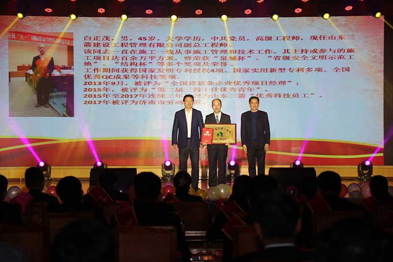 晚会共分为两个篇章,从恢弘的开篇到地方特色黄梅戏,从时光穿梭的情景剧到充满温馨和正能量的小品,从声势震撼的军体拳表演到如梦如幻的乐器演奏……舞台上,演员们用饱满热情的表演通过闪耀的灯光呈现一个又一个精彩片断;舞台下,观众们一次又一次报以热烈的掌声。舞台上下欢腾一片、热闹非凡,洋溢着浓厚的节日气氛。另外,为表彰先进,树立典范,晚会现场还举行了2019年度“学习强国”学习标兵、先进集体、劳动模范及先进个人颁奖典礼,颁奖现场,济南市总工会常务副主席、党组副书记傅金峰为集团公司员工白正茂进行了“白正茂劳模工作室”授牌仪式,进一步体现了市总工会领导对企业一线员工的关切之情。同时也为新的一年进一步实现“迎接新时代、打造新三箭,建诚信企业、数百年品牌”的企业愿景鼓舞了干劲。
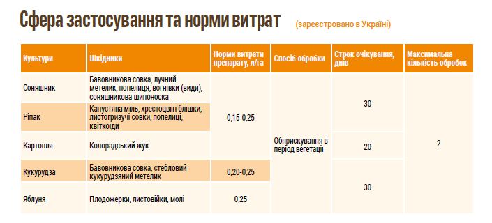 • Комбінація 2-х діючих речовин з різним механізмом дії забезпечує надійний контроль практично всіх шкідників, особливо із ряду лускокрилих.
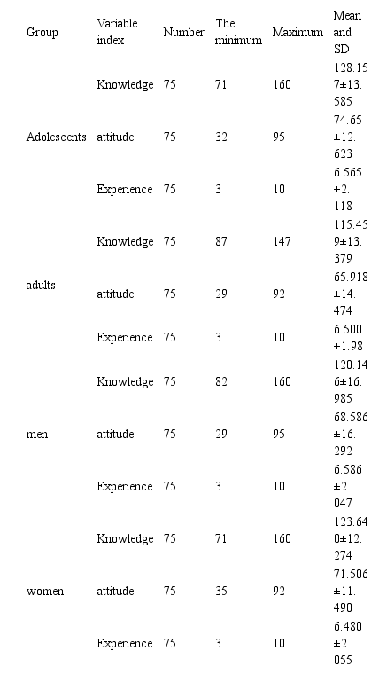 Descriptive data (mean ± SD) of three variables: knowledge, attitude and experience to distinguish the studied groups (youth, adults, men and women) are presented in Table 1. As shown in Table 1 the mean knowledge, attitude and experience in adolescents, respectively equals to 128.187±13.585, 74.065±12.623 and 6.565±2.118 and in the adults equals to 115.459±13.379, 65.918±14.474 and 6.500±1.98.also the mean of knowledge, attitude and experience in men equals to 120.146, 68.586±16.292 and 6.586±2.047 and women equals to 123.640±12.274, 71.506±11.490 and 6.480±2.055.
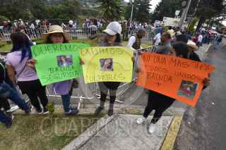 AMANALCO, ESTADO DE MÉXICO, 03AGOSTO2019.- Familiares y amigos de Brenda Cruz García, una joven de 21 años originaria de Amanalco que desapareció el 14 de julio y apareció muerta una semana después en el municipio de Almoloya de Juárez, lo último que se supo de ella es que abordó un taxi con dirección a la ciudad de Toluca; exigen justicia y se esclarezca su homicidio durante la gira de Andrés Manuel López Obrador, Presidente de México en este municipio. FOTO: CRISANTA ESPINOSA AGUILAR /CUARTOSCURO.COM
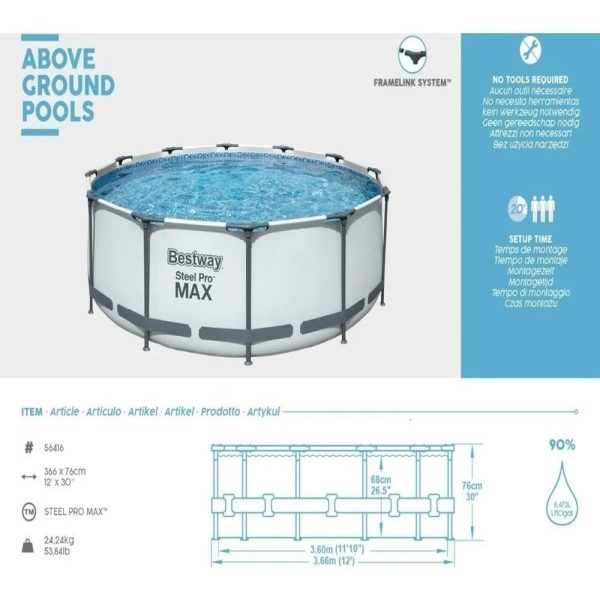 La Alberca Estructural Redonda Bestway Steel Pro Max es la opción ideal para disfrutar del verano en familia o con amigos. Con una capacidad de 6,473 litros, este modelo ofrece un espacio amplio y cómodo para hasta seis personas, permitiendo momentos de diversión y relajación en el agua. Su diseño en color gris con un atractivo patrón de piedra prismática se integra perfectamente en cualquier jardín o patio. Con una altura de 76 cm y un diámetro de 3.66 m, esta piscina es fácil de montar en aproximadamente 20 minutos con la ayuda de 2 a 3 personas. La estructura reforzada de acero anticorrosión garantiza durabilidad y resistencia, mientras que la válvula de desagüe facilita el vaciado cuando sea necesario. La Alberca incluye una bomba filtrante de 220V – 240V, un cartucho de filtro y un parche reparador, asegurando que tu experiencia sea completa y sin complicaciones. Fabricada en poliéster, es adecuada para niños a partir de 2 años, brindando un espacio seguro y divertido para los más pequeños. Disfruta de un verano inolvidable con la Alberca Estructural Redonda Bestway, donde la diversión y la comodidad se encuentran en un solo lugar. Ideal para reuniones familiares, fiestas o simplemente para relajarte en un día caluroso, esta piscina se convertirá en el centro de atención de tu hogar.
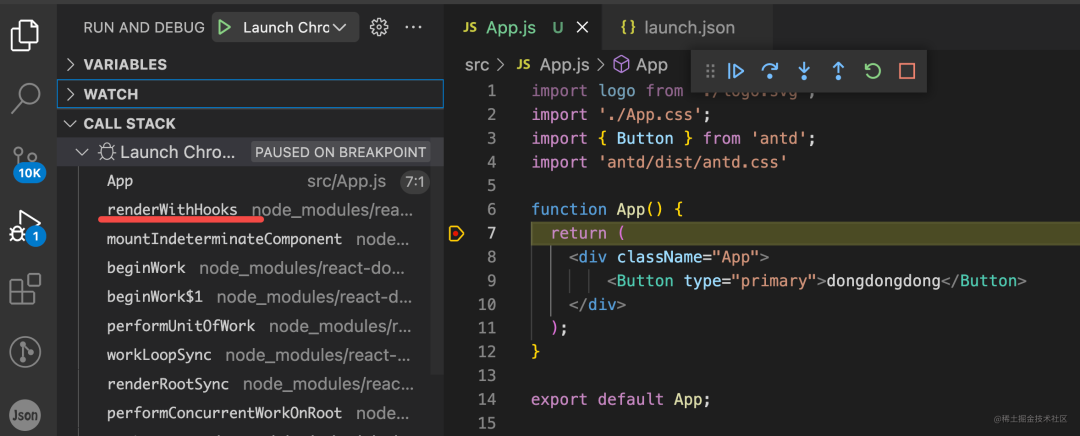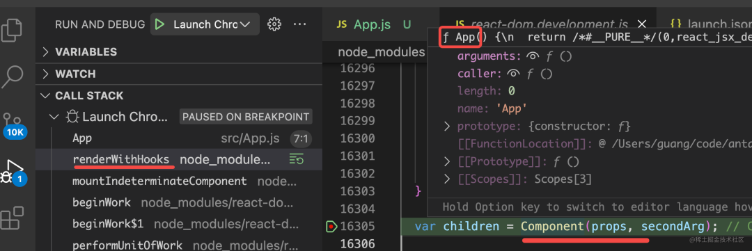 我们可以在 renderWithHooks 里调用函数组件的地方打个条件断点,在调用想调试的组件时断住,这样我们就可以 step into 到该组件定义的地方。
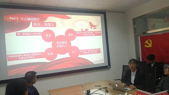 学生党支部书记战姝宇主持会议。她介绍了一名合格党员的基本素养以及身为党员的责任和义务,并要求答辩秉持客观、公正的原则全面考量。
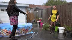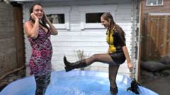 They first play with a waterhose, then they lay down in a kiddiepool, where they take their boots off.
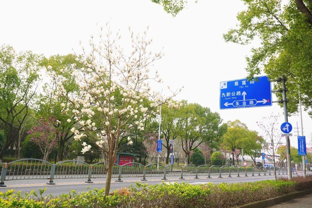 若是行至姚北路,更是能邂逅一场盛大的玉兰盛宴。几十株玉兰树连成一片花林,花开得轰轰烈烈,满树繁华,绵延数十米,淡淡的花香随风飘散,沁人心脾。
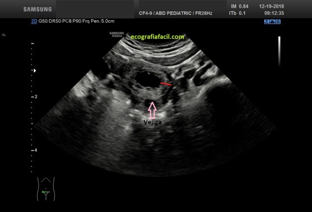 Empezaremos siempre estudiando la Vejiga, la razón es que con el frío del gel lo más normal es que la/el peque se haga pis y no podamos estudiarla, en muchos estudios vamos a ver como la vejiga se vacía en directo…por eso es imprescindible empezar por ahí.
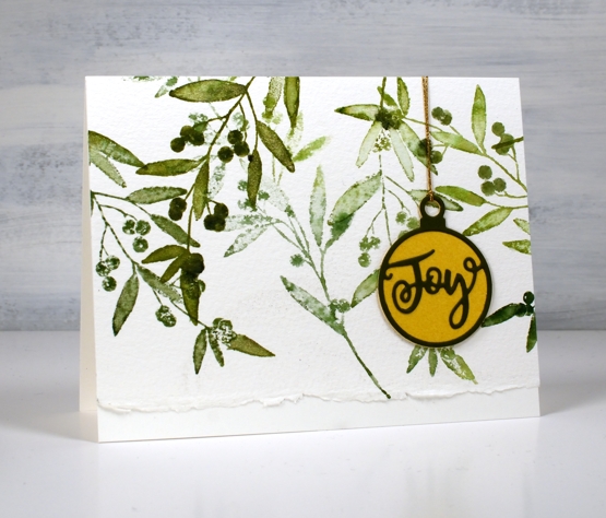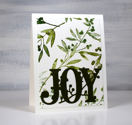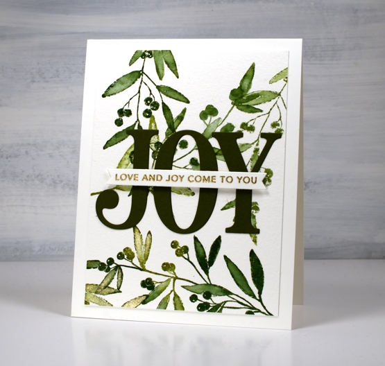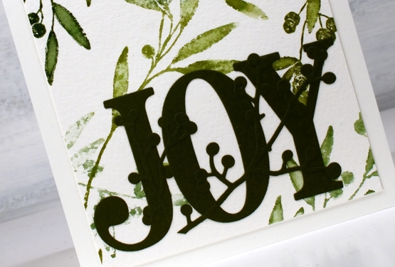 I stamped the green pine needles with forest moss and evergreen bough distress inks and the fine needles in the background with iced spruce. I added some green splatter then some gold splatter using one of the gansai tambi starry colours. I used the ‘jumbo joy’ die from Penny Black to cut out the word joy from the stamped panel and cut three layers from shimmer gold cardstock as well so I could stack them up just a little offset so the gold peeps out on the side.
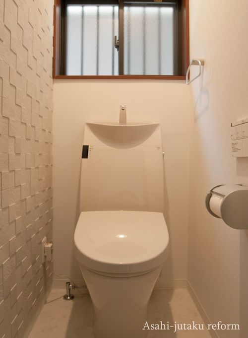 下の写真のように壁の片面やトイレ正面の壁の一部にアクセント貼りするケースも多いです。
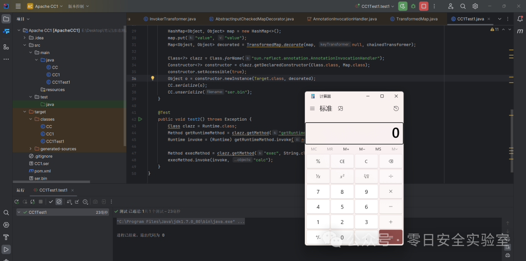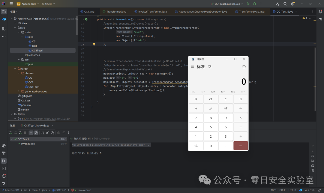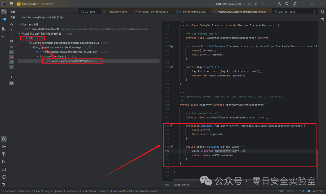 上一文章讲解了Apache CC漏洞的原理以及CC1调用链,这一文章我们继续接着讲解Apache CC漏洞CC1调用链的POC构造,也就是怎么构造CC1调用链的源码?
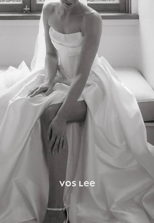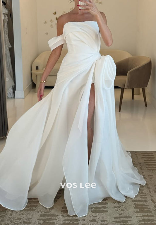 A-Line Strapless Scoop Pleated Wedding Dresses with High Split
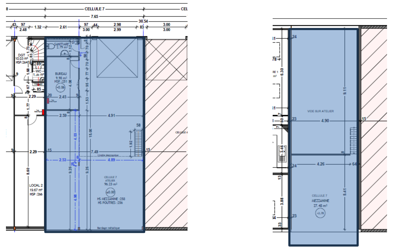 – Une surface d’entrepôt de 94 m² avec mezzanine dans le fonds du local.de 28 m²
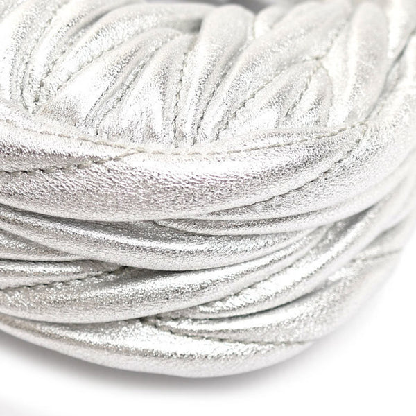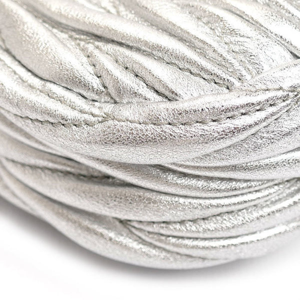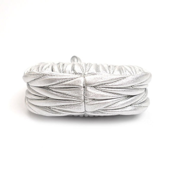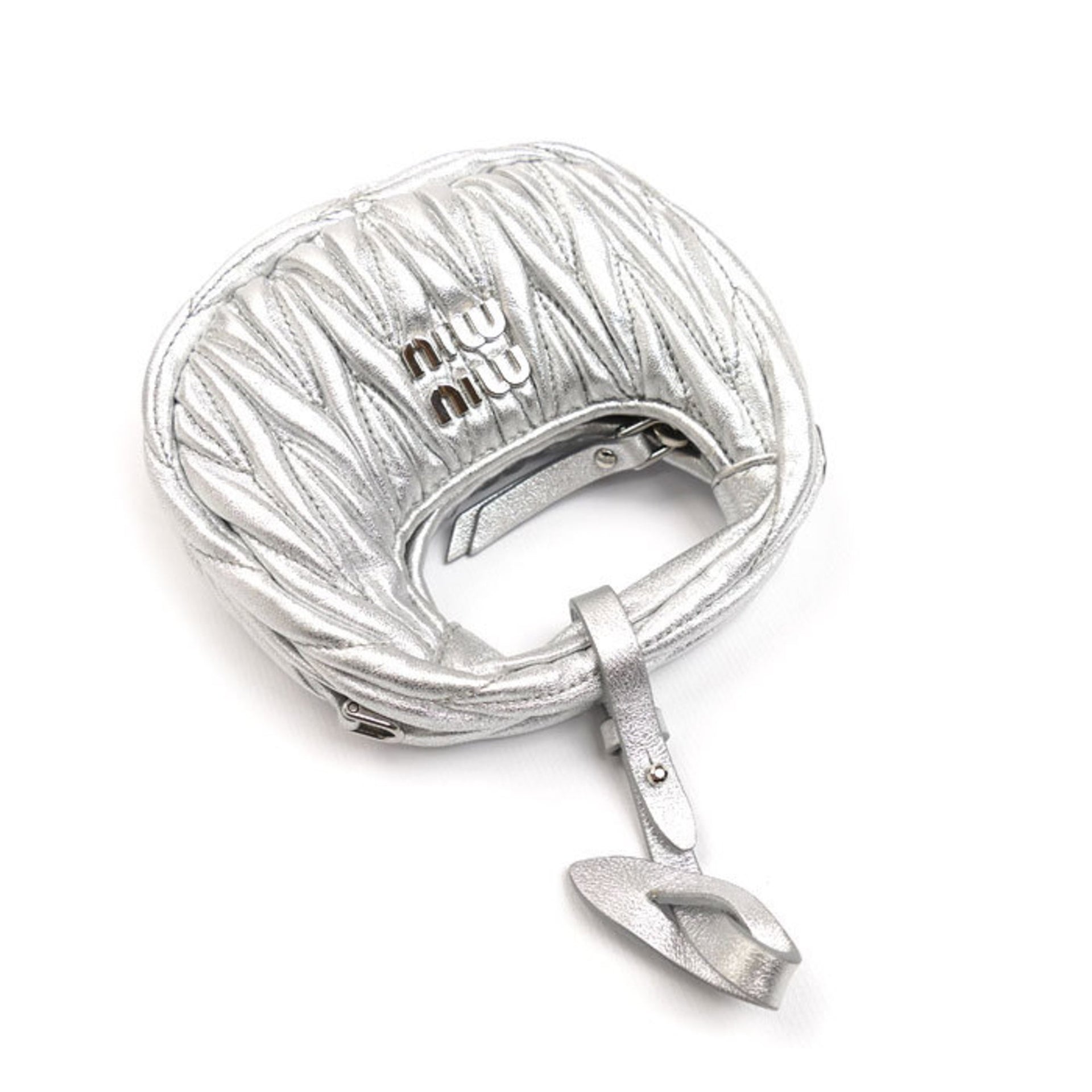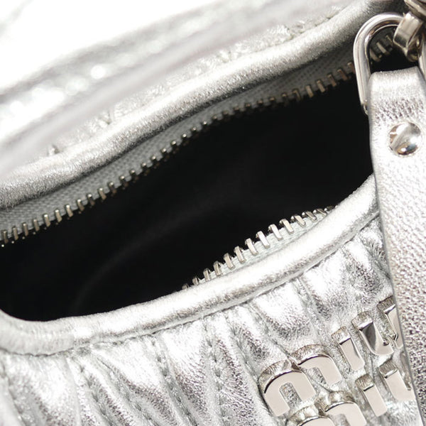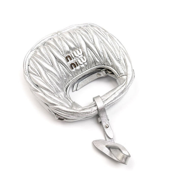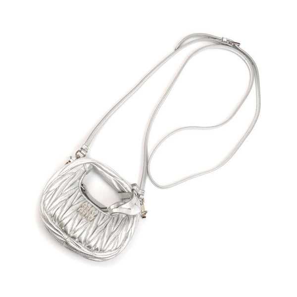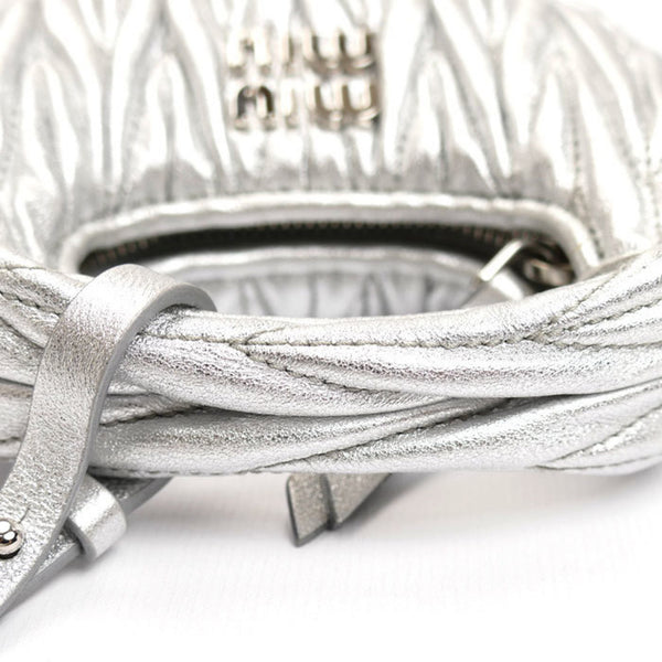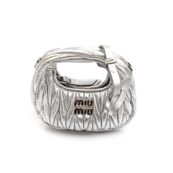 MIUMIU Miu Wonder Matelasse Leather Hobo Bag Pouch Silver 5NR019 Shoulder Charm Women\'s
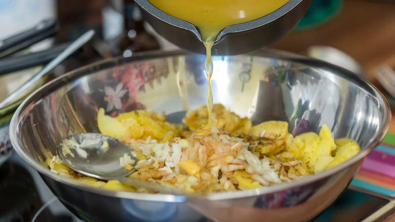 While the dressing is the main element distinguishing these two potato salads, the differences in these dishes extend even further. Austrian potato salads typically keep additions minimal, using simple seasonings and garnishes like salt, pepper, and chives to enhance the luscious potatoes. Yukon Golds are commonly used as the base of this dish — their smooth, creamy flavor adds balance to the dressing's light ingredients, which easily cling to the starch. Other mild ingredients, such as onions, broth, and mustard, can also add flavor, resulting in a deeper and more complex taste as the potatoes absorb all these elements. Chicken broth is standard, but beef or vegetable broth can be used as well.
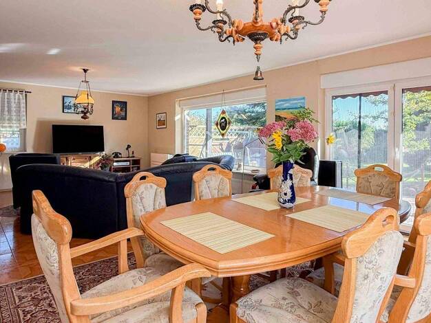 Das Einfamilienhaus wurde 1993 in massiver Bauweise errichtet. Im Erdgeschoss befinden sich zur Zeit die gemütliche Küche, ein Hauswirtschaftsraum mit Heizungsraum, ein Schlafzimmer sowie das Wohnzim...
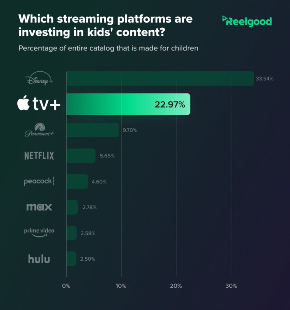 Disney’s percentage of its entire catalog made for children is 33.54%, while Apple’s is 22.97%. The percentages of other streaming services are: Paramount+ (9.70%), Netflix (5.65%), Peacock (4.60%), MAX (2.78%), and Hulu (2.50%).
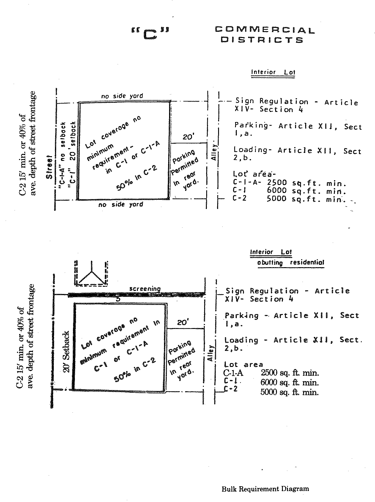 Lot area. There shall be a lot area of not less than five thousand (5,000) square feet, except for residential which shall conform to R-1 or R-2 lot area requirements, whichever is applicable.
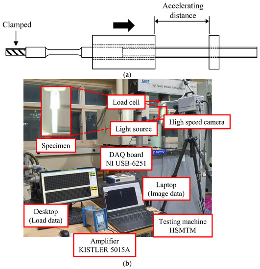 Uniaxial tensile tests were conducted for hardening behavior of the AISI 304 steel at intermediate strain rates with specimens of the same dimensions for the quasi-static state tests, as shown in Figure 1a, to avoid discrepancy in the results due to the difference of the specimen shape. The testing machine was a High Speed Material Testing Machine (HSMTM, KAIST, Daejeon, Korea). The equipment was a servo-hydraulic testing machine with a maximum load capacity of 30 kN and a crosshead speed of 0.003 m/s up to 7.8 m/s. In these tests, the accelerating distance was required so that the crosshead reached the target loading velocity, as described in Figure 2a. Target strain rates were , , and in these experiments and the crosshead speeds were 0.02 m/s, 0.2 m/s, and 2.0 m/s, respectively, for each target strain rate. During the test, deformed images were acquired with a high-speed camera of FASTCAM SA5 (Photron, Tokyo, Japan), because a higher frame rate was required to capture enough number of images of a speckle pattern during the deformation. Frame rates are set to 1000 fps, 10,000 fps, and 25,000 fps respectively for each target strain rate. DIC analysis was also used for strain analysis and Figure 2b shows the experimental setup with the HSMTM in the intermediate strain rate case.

TASK DIRECTIONS – Above are the records; return the lines in them from the one with "MIUMIU Miu Wonder" to the one with "Disney’s percentage of", inclusive, exactly and without images.

WRITTEN SOLUTION –
 MIUMIU Miu Wonder Matelasse Leather Hobo Bag Pouch Silver 5NR019 Shoulder Charm Women\'s
 While the dressing is the main element distinguishing these two potato salads, the differences in these dishes extend even further. Austrian potato salads typically keep additions minimal, using simple seasonings and garnishes like salt, pepper, and chives to enhance the luscious potatoes. Yukon Golds are commonly used as the base of this dish — their smooth, creamy flavor adds balance to the dressing's light ingredients, which easily cling to the starch. Other mild ingredients, such as onions, broth, and mustard, can also add flavor, resulting in a deeper and more complex taste as the potatoes absorb all these elements. Chicken broth is standard, but beef or vegetable broth can be used as well.
 Das Einfamilienhaus wurde 1993 in massiver Bauweise errichtet. Im Erdgeschoss befinden sich zur Zeit die gemütliche Küche, ein Hauswirtschaftsraum mit Heizungsraum, ein Schlafzimmer sowie das Wohnzim...
 Disney’s percentage of its entire catalog made for children is 33.54%, while Apple’s is 22.97%. The percentages of other streaming services are: Paramount+ (9.70%), Netflix (5.65%), Peacock (4.60%), MAX (2.78%), and Hulu (2.50%).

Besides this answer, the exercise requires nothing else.